Contribution to the first year EPFL Sustainability course

Séance de réflexion collective encadrée © EPFL / LAST / S. Yun

Séance de réflexion collective encadrée © EPFL / LAST / S. Yun

In spring 2025, the new interdisciplinary course on sustainability was launched on a large scale at EPFL, bringing together nearly 1,900 bachelor students from all disciplines to support their collective appropriation of these issues by students from the very beginning of their studies. This innovative educational program mobilizes a large team, including San Yun, PhD student at the Laboratory of Architecture and SustainableTechnologies (LAST).

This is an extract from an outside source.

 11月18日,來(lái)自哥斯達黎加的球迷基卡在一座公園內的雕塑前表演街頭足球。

In spring 2025, a pilot version of the Sustainability course ENV-101 was held at the École polytechnique fédérale de Lausanne. This interdisciplinary course gathered almost 1,800 students from all EPFL departments. Designed to introduce systemic thinking and the major challenges of sustainability, the course offers an innovative flipped-classroom approach, combining weekly thematic videos, interactive online sessions, in-person supervised collective reflection workshops in groups of 60, as well as an in-depth group work of 5 students on a concrete case study.

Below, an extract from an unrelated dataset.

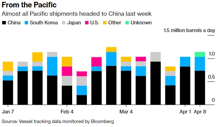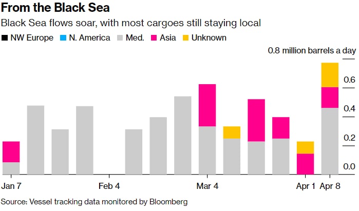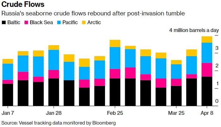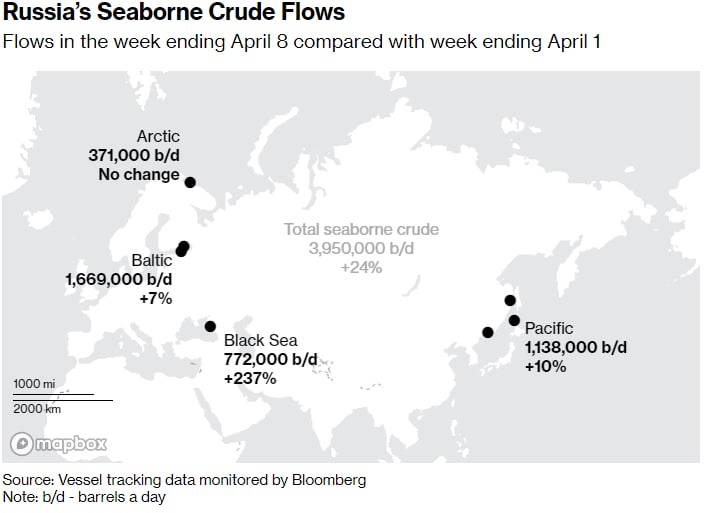 Поставки за семь дней до 8 апреля продолжили рост, начавшийся на предыдущей неделе, после постоянного падения с момента начала военной операции России в Украине 24 февраля — согласно трекеру Bloomberg News всей нефти, покидающей экспортные терминалы страны на океанских танкерах.

Given the scale of the program, a multi-level logistical and pedagogical coordination was set up. Among the key factors for the smooth running of this first edition, the role of assistant coordinators (ACs) proved fundamental. Comprising 17 doctoral assistants from all EPFL doctoral schools, this team’s mission was to ensure constant communication between on-site needs and the teaching staff, oversee the workshops held simultaneously in 19 rooms and closely support the development of the systemic case studies by providing regular feedback and participating in the intermediate and final evaluations of the work.

Among these assistant coordinators, San Yun, PhD student at the Laboratory of Architecture and Sustainable Technologies (LAST), actively took part in this dynamic. Her involvement is part of the ongoing commitments of LAST, led by Prof. Emmanuel Rey, whose work explores transitions toward sustainability through interdisciplinary approaches. This participation in a transversal and systemic teaching framework such as ENV-101 thus reflects the laboratory’s determination to actively contribute to pedagogical transformation in favor of strong sustainability.